Notice how the lambda can refer to the local variable my-boat. That’s because when the lambda is constructed, its not just a function, its also has a pointer to an “environment” containing the lexical context (ie: the local variables) of its parent. This is why functions in Lisp that take callbacks rarely take a “callback argument” parameter like you see in C. It’d be pretty redundant for them to do so, since any parameters you want you can capture from the lexical context.
Basically, lambdas are there to make your life easier. They’re there so you can write quick, one-time callbacks without defining a full function, and they are there so you can package up a function and some data** and pass it around. C++ lambdas don’t make your life easier. They just make your code harder to read, and more painful to compile.

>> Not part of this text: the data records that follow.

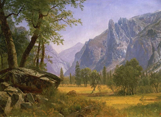 Yosemite Valley White Modern Wood Framed Art Print with Double Matting by Bierstadt, Albert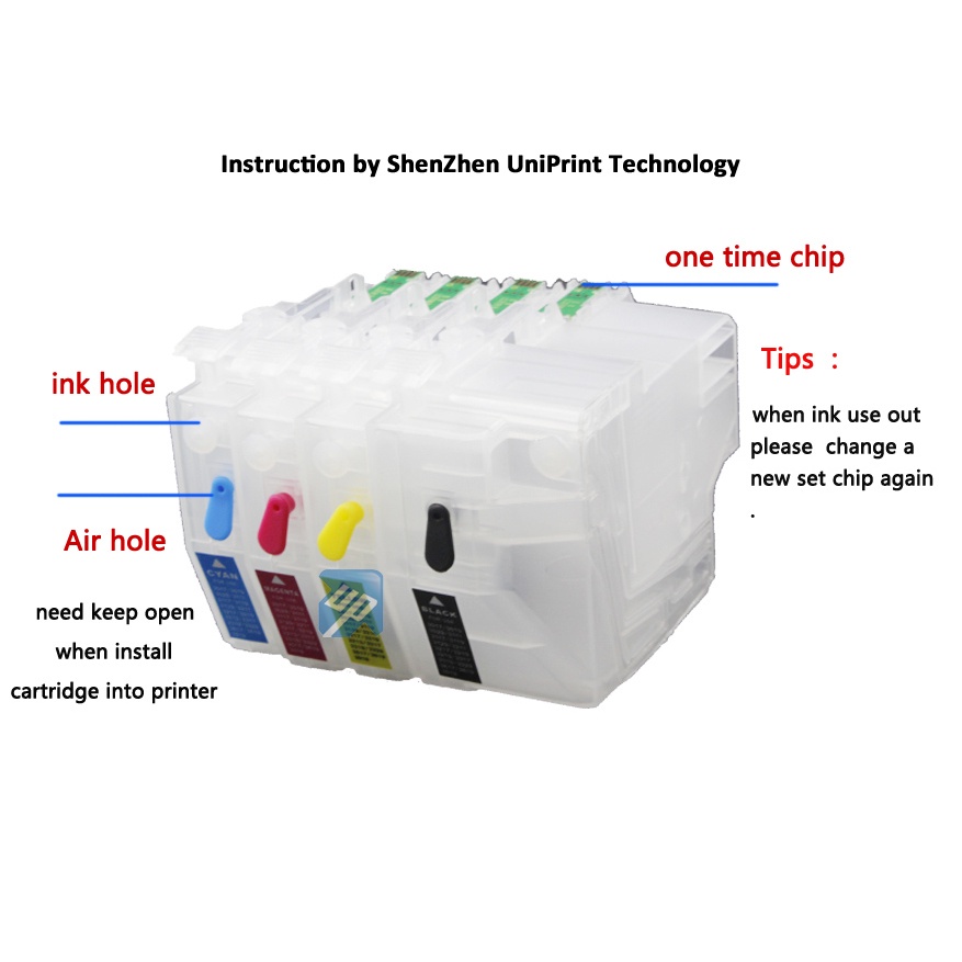 Empty Refillable Ink Cartridge with High Capacity Chip LC462 LC462XL for Brother MFC-J2340DW J2740DW J3540DW J3940DW Printer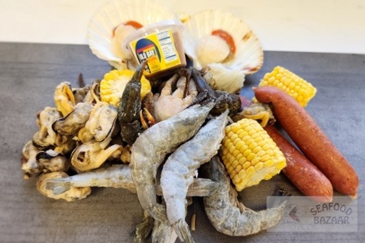 This seafood boil combines succulent prawns, juicy crab, and tender mussels. Sweet corn adds freshness, while spicy chorizo provides a smoky kick. Old Bay seasoning completes the dish with its classic spices. Just add your favorite sides for a satisfying and easy feast.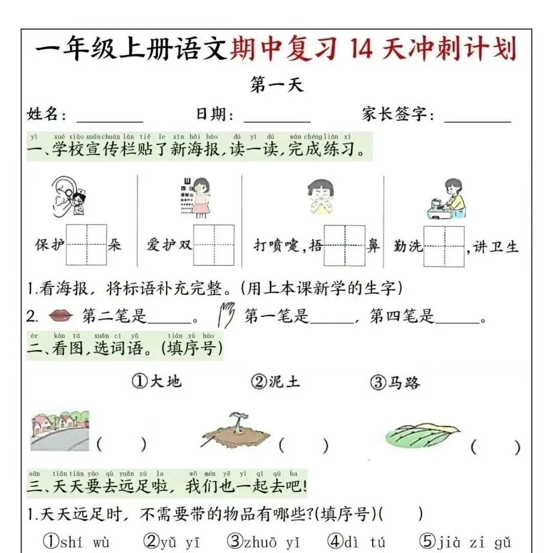 2025年《一年级上册语文期中复习14天冲刺计划(带答案)》,文末附完整版免费下载链接。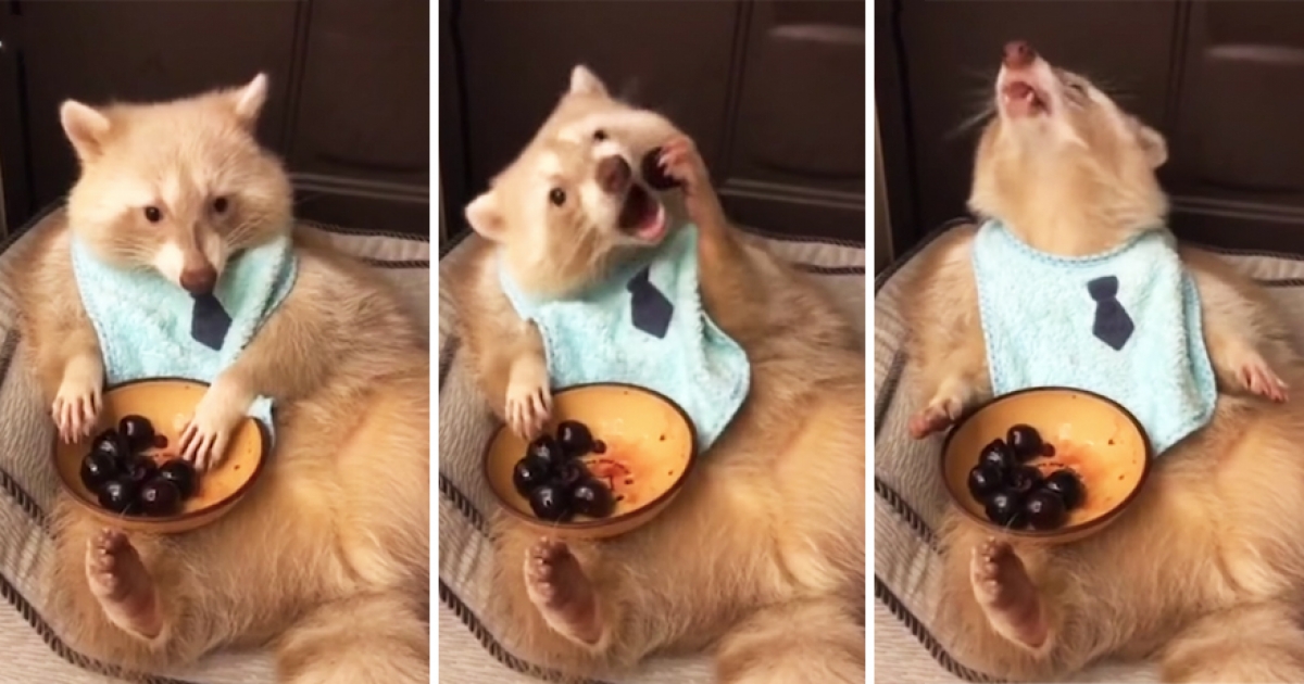 有櫻桃就有好心情~ 可愛浣熊「躺沙發爽吃」慵懶模樣萌翻網友心

* Well, the phoenix lambda library can, but its an enormous hack. Most importantly, it’s not transparent to the programmer, you have to write code for the capture yourself. At that point, its just easier to stick the parameters in a struct and be done with it!
** Sounds an awful lot like an object, don’t it? Closures, plus some macros to make the syntax nicer, can be used to construct full OOP systems.
PS> The Lisp code is much easier to read if OSNews would keep proper indendation!
It really seems that for_each is more conceptually similar to the loop macro (eh…) or especially dolist than to map in general (but not so different to map with nil as return type parameter), since map conceptually maps every value of a sequence to some value returned by a function, rather than simply performing iteration.
I don’t wanna sound like I’m bashing C++. C++ is a fine language… if you’re writing an OS kernel. If it had a proper macro system, and proper lambdas, it’d be an even better language. Indeed, the idea of not putting in new language features, but construct new features out of existing features is quite admirable. However, the existing C++ features aren’t sufficient to define new features such as lambdas. They aren’t powerful enough, and lead to inferior results. If you find yourself really wanting lambdas, maybe its time to use a language that does justice to the concept…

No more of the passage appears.